◆ Listed entries:
---------------
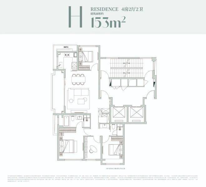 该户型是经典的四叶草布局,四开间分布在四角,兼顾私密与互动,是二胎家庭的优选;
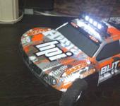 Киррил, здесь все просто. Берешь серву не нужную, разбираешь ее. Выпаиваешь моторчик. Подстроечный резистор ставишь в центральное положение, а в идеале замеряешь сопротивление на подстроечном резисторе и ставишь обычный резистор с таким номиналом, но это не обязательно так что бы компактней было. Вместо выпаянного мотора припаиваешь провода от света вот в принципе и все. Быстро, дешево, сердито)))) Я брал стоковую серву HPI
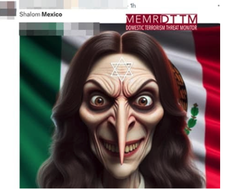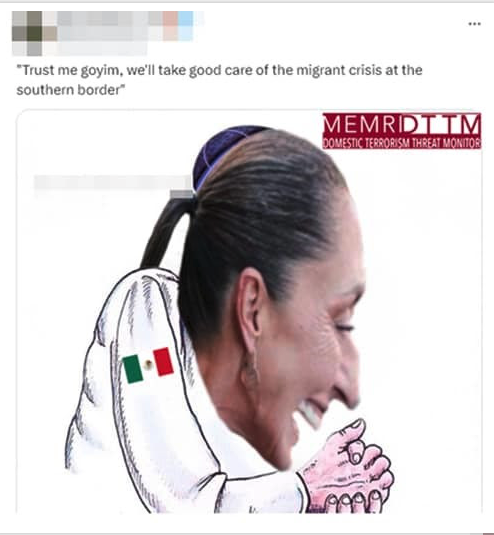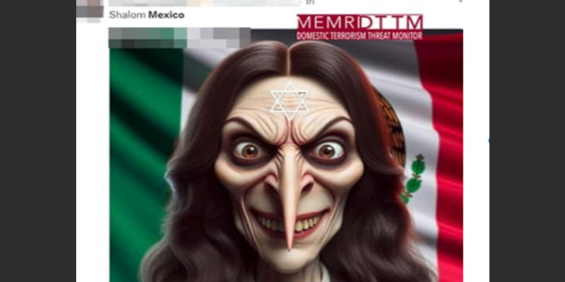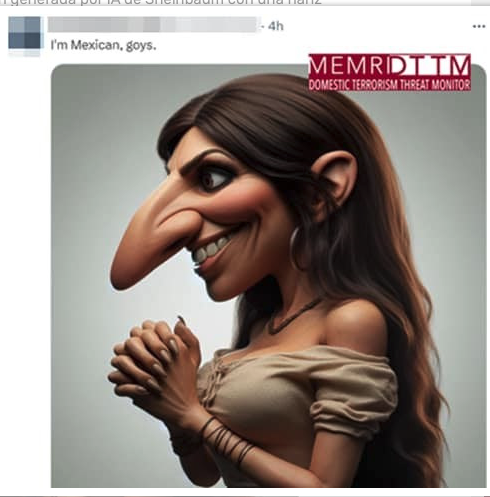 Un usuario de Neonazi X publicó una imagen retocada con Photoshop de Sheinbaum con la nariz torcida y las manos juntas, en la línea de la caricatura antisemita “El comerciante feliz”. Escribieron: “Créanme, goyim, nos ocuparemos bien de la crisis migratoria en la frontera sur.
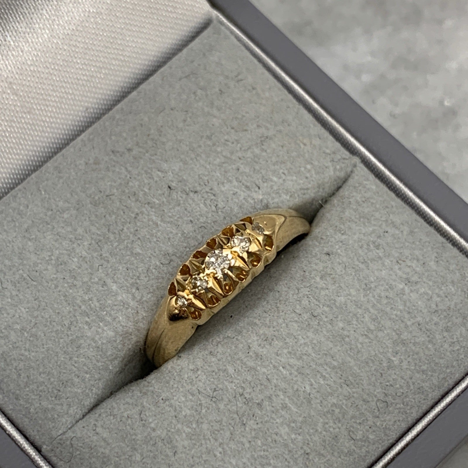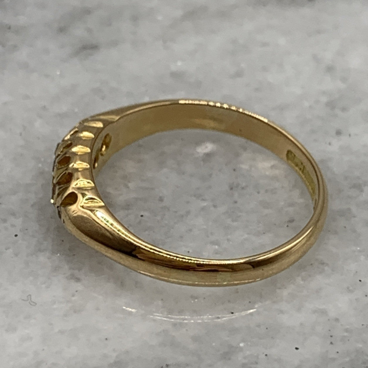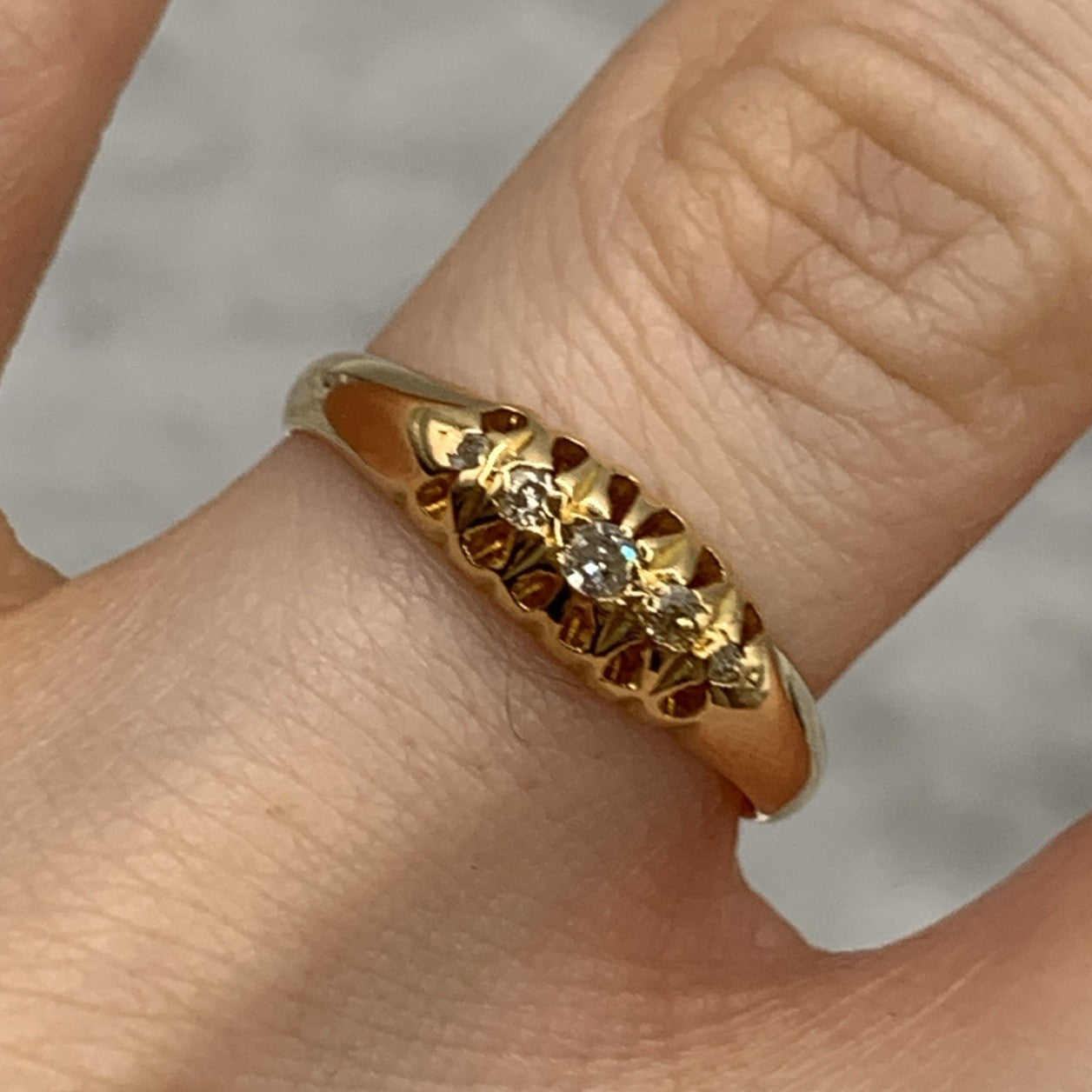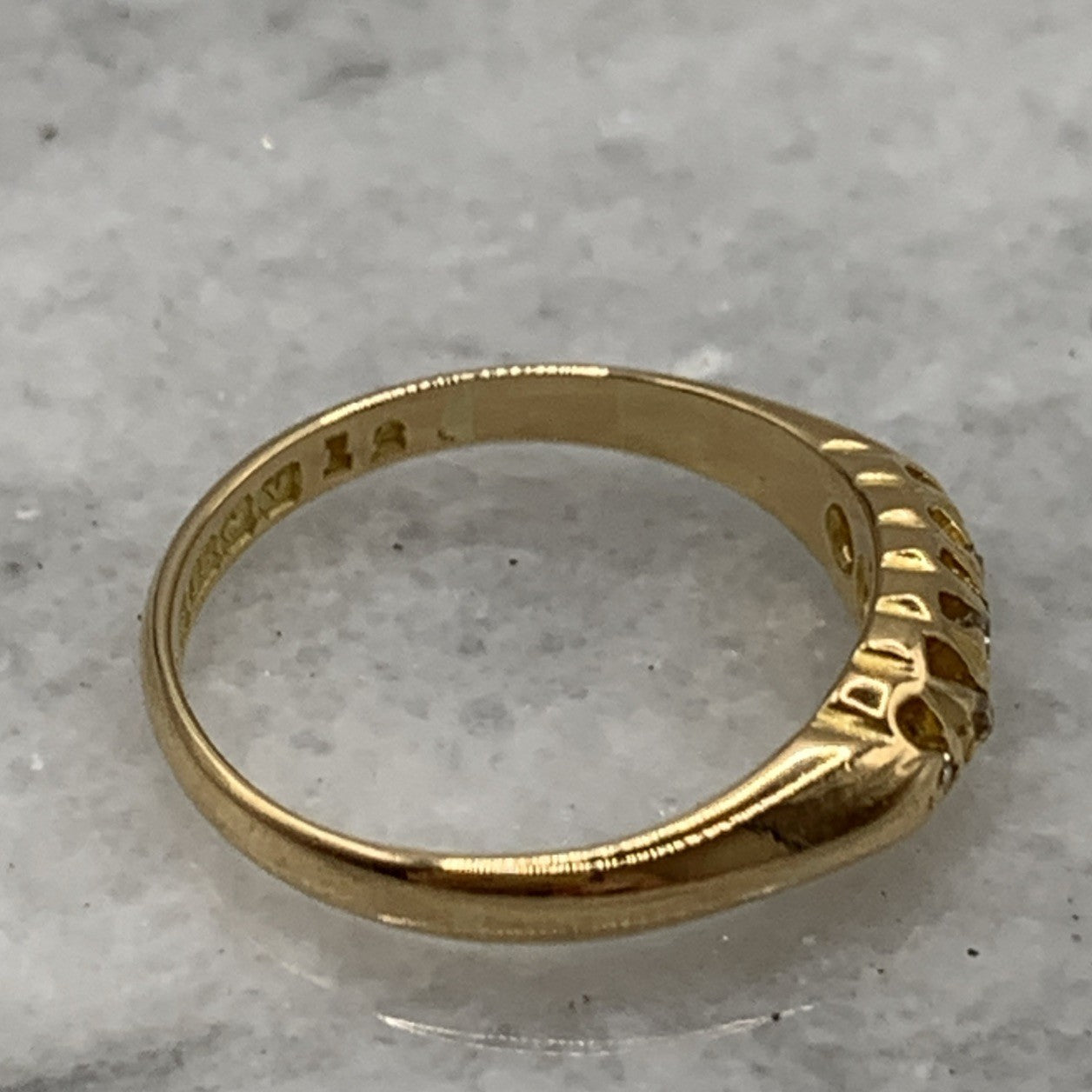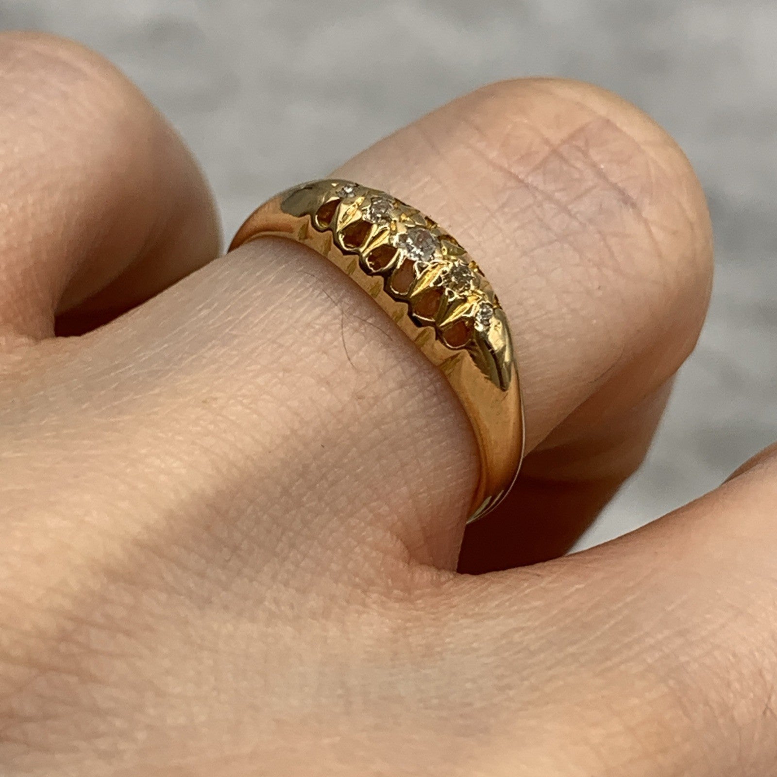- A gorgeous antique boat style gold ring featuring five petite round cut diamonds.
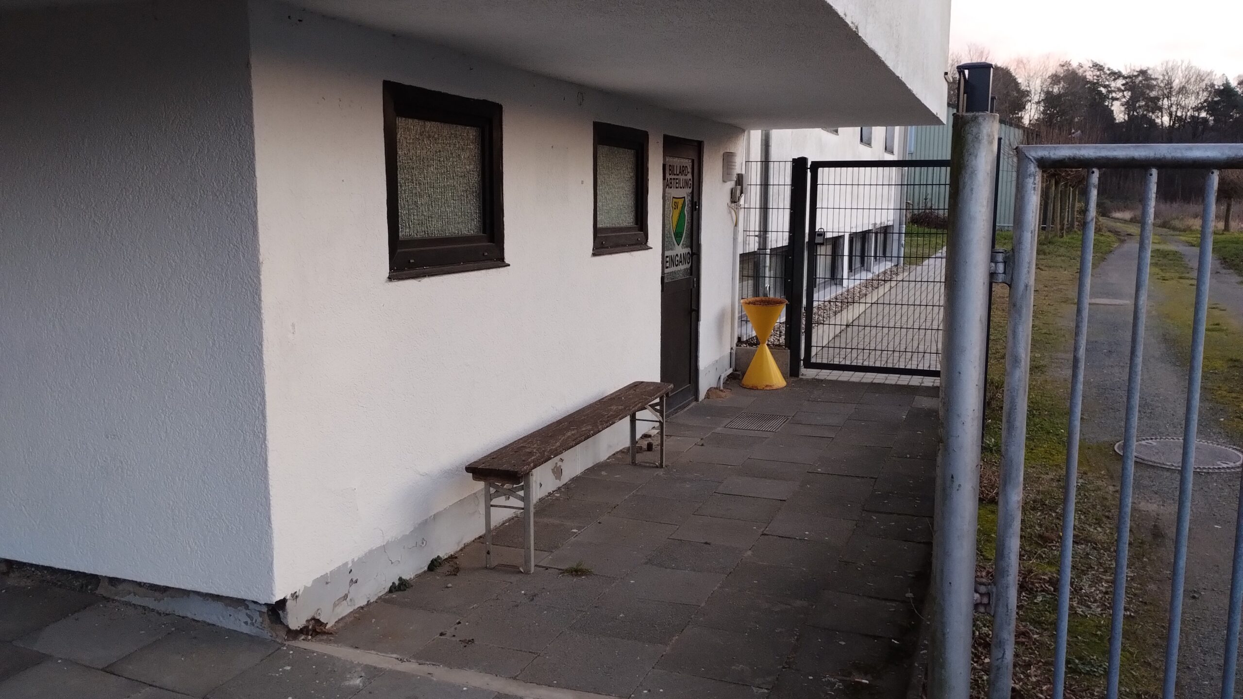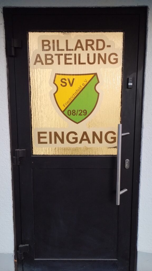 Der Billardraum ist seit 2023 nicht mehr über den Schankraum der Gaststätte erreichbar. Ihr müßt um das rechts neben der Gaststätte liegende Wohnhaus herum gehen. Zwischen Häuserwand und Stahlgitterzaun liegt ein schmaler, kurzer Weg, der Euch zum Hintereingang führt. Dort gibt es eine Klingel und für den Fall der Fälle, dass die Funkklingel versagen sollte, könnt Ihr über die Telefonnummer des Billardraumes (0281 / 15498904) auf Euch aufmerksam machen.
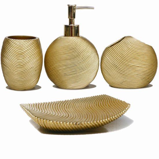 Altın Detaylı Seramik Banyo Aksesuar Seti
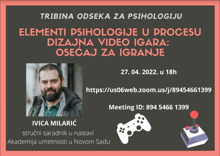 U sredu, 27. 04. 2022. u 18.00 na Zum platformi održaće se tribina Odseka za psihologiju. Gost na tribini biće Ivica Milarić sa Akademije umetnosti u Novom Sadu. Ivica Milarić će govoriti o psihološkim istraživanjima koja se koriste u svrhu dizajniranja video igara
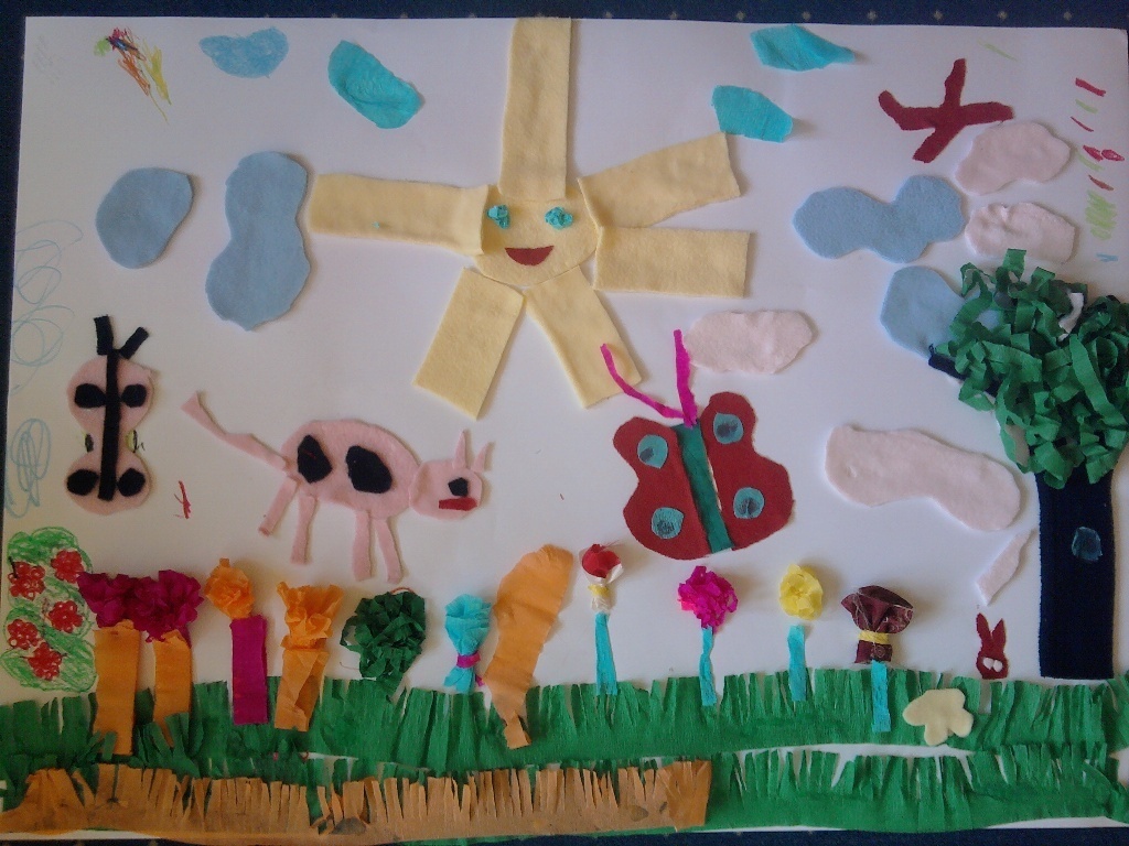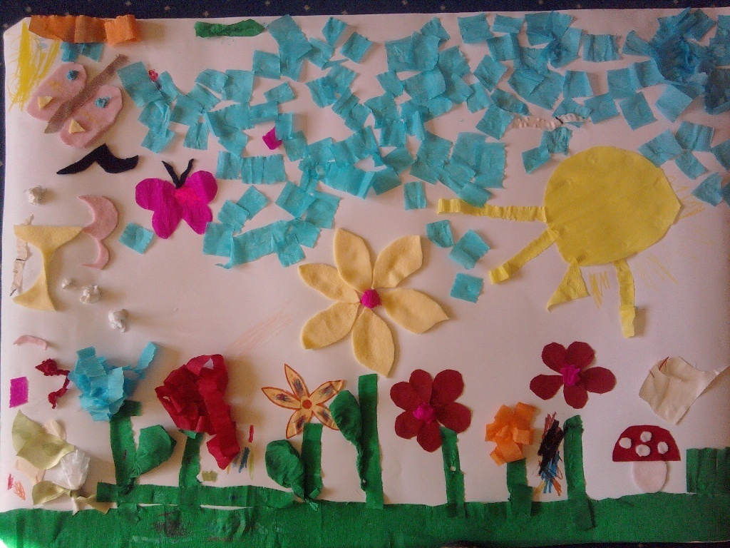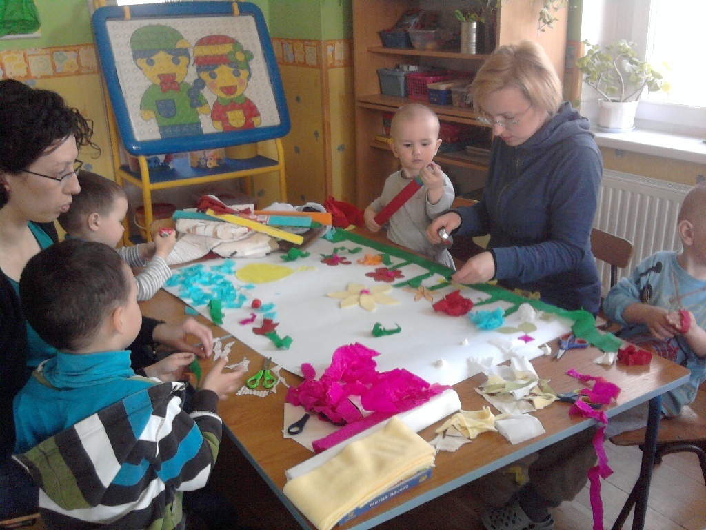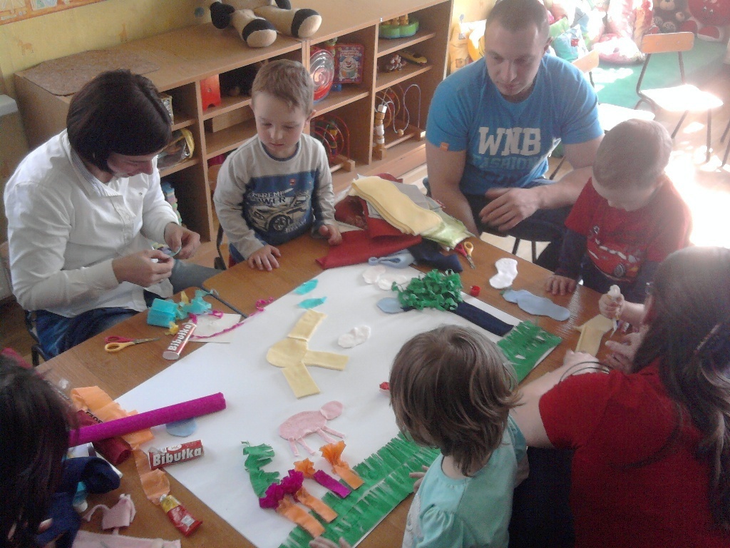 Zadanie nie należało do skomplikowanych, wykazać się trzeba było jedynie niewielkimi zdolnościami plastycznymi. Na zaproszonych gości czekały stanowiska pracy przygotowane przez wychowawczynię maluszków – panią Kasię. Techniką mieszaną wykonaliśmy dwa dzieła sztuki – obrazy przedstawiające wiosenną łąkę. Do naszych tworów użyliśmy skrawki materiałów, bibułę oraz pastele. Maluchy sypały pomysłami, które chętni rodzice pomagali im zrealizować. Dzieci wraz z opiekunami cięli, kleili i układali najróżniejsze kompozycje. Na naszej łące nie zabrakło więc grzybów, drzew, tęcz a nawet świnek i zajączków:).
---------------
◆ What you need to do: Leave out the pictures and retype the rest of the entries exactly.

◆ Result of the exercise:
 该户型是经典的四叶草布局,四开间分布在四角,兼顾私密与互动,是二胎家庭的优选;
 Киррил, здесь все просто. Берешь серву не нужную, разбираешь ее. Выпаиваешь моторчик. Подстроечный резистор ставишь в центральное положение, а в идеале замеряешь сопротивление на подстроечном резисторе и ставишь обычный резистор с таким номиналом, но это не обязательно так что бы компактней было. Вместо выпаянного мотора припаиваешь провода от света вот в принципе и все. Быстро, дешево, сердито)))) Я брал стоковую серву HPI
 Un usuario de Neonazi X publicó una imagen retocada con Photoshop de Sheinbaum con la nariz torcida y las manos juntas, en la línea de la caricatura antisemita “El comerciante feliz”. Escribieron: “Créanme, goyim, nos ocuparemos bien de la crisis migratoria en la frontera sur.
- A gorgeous antique boat style gold ring featuring five petite round cut diamonds.
 Der Billardraum ist seit 2023 nicht mehr über den Schankraum der Gaststätte erreichbar. Ihr müßt um das rechts neben der Gaststätte liegende Wohnhaus herum gehen. Zwischen Häuserwand und Stahlgitterzaun liegt ein schmaler, kurzer Weg, der Euch zum Hintereingang führt. Dort gibt es eine Klingel und für den Fall der Fälle, dass die Funkklingel versagen sollte, könnt Ihr über die Telefonnummer des Billardraumes (0281 / 15498904) auf Euch aufmerksam machen.
 Altın Detaylı Seramik Banyo Aksesuar Seti
 U sredu, 27. 04. 2022. u 18.00 na Zum platformi održaće se tribina Odseka za psihologiju. Gost na tribini biće Ivica Milarić sa Akademije umetnosti u Novom Sadu. Ivica Milarić će govoriti o psihološkim istraživanjima koja se koriste u svrhu dizajniranja video igara
 Zadanie nie należało do skomplikowanych, wykazać się trzeba było jedynie niewielkimi zdolnościami plastycznymi. Na zaproszonych gości czekały stanowiska pracy przygotowane przez wychowawczynię maluszków – panią Kasię. Techniką mieszaną wykonaliśmy dwa dzieła sztuki – obrazy przedstawiające wiosenną łąkę. Do naszych tworów użyliśmy skrawki materiałów, bibułę oraz pastele. Maluchy sypały pomysłami, które chętni rodzice pomagali im zrealizować. Dzieci wraz z opiekunami cięli, kleili i układali najróżniejsze kompozycje. Na naszej łące nie zabrakło więc grzybów, drzew, tęcz a nawet świnek i zajączków:).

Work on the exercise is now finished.